_What to do:_
Take the lines below from the one with "dgo】3colors ハーフジップトップス アーミーグリーン/ブラック/ネイビー(M2660)ハーフジップでマンネリ脱出!" through the one with "我们很高兴地看到该网站已针对 iOS 和" and retype them exactly. Include nothing else, and no pictures.

_Information shown:_
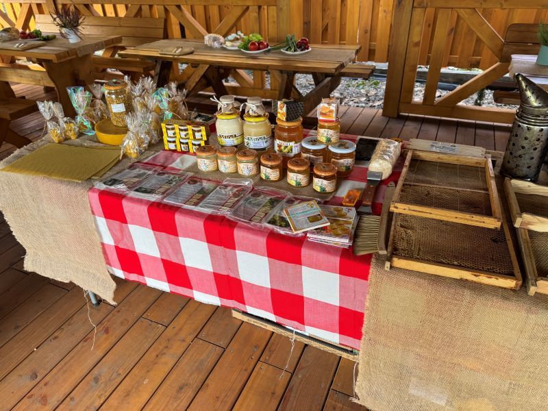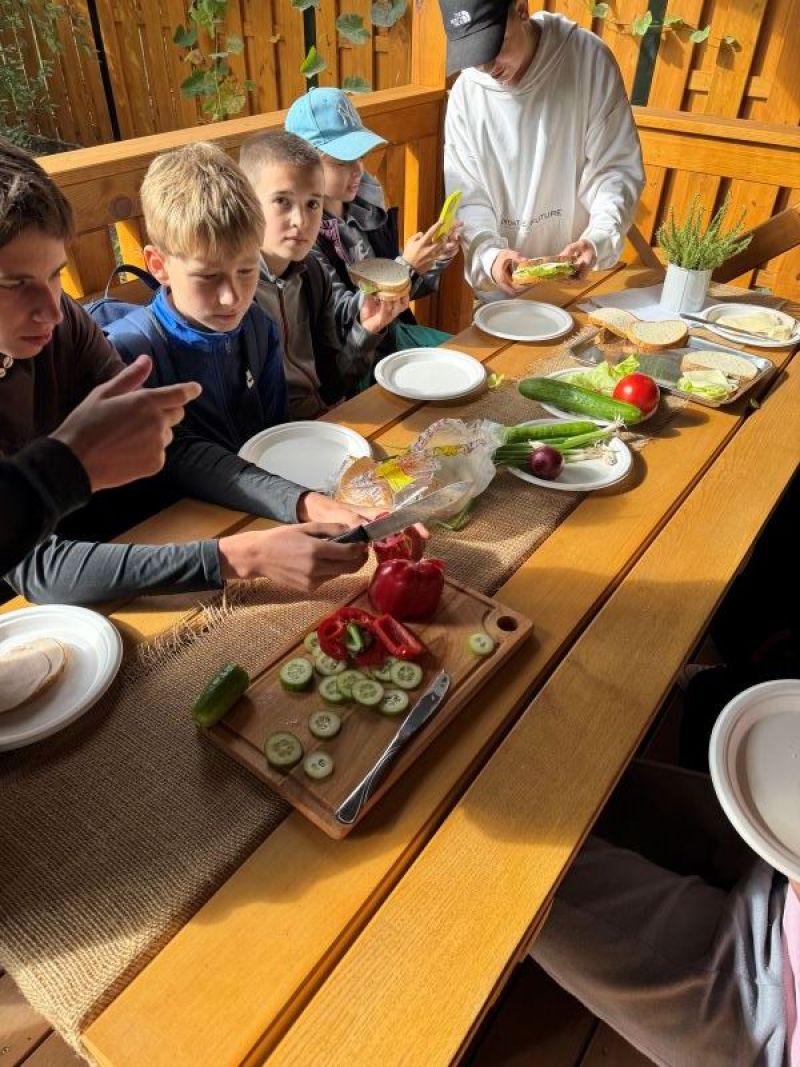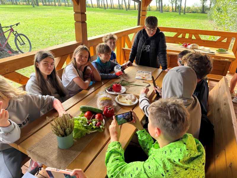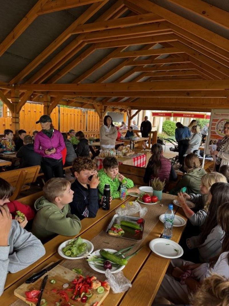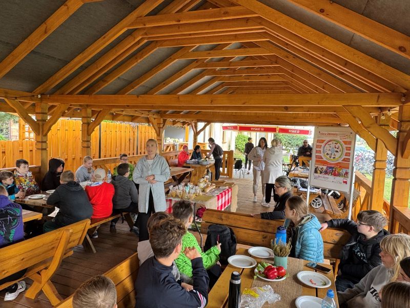 • Grupa dzieci przy stołach pod zadaszeniem drewnianej altany
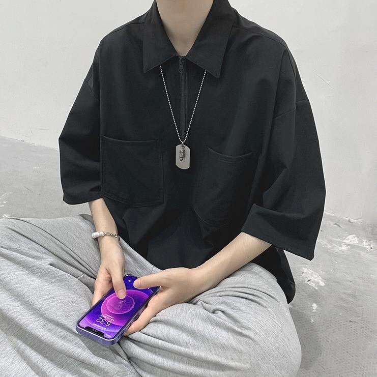 【韓国通販 dgo】3colors ハーフジップトップス アーミーグリーン/ブラック/ネイビー(M2660)ハーフジップでマンネリ脱出!
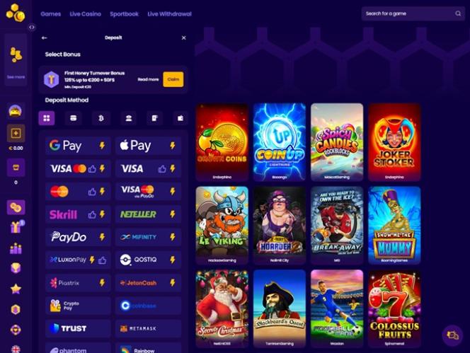 我们很高兴地看到该网站已针对 iOS 和 Android 设备进行了全面优化,玩家还可以使用保加利亚语、丹麦语、德语、希腊语、英语、西班牙语、芬兰语、法语、印地语、印尼语、意大利语、挪威语、波兰语、葡萄牙语和俄语浏览整个赌场。
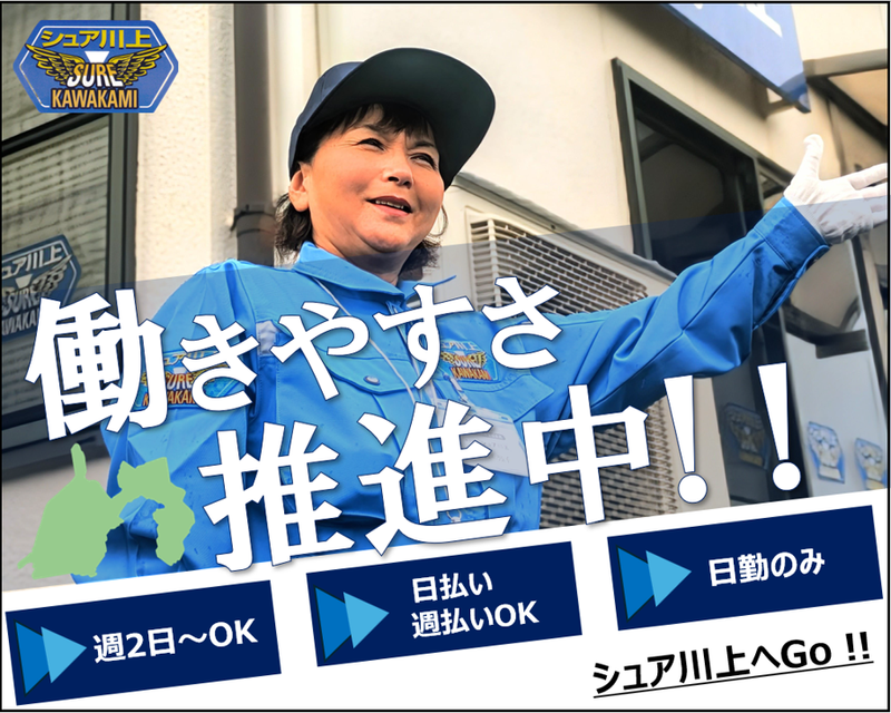 仕事内容 \ 週2日~OK!効率よくお小遣い稼ぎ / 年齢・性別問わず活躍中!未経験からでも 《交通誘導警備員》にチャレンジできる! 【経験不問】丁寧な研修でスキルを習得! 【即収入GET】日払い・週払いも対応可能! 【充実の待遇】寮完備&貸バイクあり! 【お試しOK】「まずは短期」も応相談! -------------------- 【仕事内容】 交通誘導のお仕事をお任せします! 〇歩行者・車両の安全確保 〇誘導棒を使った案内 など 警備の仕事が初めてでも大丈夫! 入社後は、丁寧な研修で仕事の流れを イチから学べるため、未経験でも安心! [勤務地]浜松市内 その他、磐田市、袋井市などの現場もあり *直行直帰可能! <一日のスケジュール例> 08:00 現場集合・交通誘導スタート | 12:00 昼休憩 | 13:00 業務再開 | 17:00 業務終了(直帰OK!) -------------------- \ 働きやすいポイント盛りだくさん / 《 1|夏場は空調服の支給あり! 》 大変な仕事もある分、働きやすくなる ような待遇をしっかり整えています! 《 2|日払い・週払いにも対応! 》 「急にまとまったお金が必要になった」 なんて時にも対応できるため安心です! 《 3|正社員登用あり! 》 「安定して働きたい」といった方は、 希望次第で正社員の道も目指せます!

_Output below:_
 【韓国通販 dgo】3colors ハーフジップトップス アーミーグリーン/ブラック/ネイビー(M2660)ハーフジップでマンネリ脱出!
 我们很高兴地看到该网站已针对 iOS 和 Android 设备进行了全面优化,玩家还可以使用保加利亚语、丹麦语、德语、希腊语、英语、西班牙语、芬兰语、法语、印地语、印尼语、意大利语、挪威语、波兰语、葡萄牙语和俄语浏览整个赌场。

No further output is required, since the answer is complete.